KWFI-FM
- Aberdeen, Idaho; United States;
- Broadcast area: Idaho Falls-Pocatello, Idaho
- Frequency: 96.1 MHz
- Branding: 96.1 & 102.1 The Wolf

Programming
- Format: Country

Ownership
- Owner: Rich Broadcasting; (Rich Broadcasting Idaho LS, LLC);

History
- First air date: 1965
- Former call signs: KID-FM (1965–1989); KSIF (1989–1991); KMXE (1991–1992); KID-FM (1992–2018);
- Call sign meaning: The Wolf Idaho

Technical information
- Licensing authority: FCC
- Facility ID: 22195
- Class: C
- ERP: 100,000 watts
- HAAT: 458 meters (1,503 ft)
- Transmitter coordinates: 43°29′51″N 112°39′50″W﻿ / ﻿43.49750°N 112.66389°W
- Repeater: 102.1 KWFO-FM (Driggs)

Links
- Public license information: Public file; LMS;
- Webcast: Listen live
- Website: wolfidaho.com

= KWFI-FM =

KWFI-FM is a commercial radio station located in Aberdeen, Idaho, broadcasting on 96.1 FM. KWFI-FM airs a country music format simulcast with KWFO-FM 102.1 in Driggs as "96.1 & 102.1 The Wolf".

==History==
On September 26, 2011, the then-KID-FM rebranded from "The Bull" to "River Country", and began simulcasting with KCHQ (102.1 FM) in Driggs, Idaho.
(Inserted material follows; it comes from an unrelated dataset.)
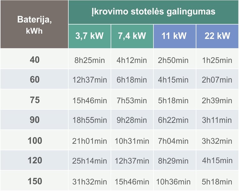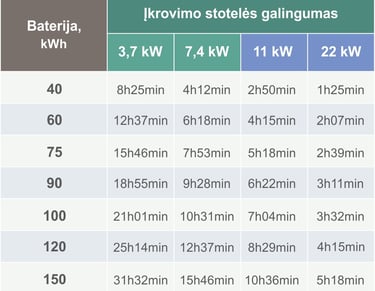 Žemiau pateikiama orientacinė įkrovimo laiko lentelė, kai baterija įkraunama nuo 10% iki 80% (t.y. 70% baterijos įkrovimo) , su 10% nuostoliu. Kai baterija pasiekia 80% įkrovimo - jos krovimo laikas ženkliai sulėtėja dėl baterijų apsaugos.

On October 25, 2018, KID-FM rebranded from "River Country" to "The Wolf". The station changed its call sign to KWFI-FM on November 26, 2018.

==Ownership==
In October 2007, a deal was reached for KID-FM to be acquired by GAP Broadcasting II LLC (Samuel Weller, president) from Clear Channel Communications as part of a 57 station deal with a total reported sale price of $74.78 million. What eventually became GapWest Broadcasting was folded into Townsquare Media on August 13, 2010; Townsquare, in turn, sold its Idaho Falls–Pocatello stations to Rich Broadcasting in 2011.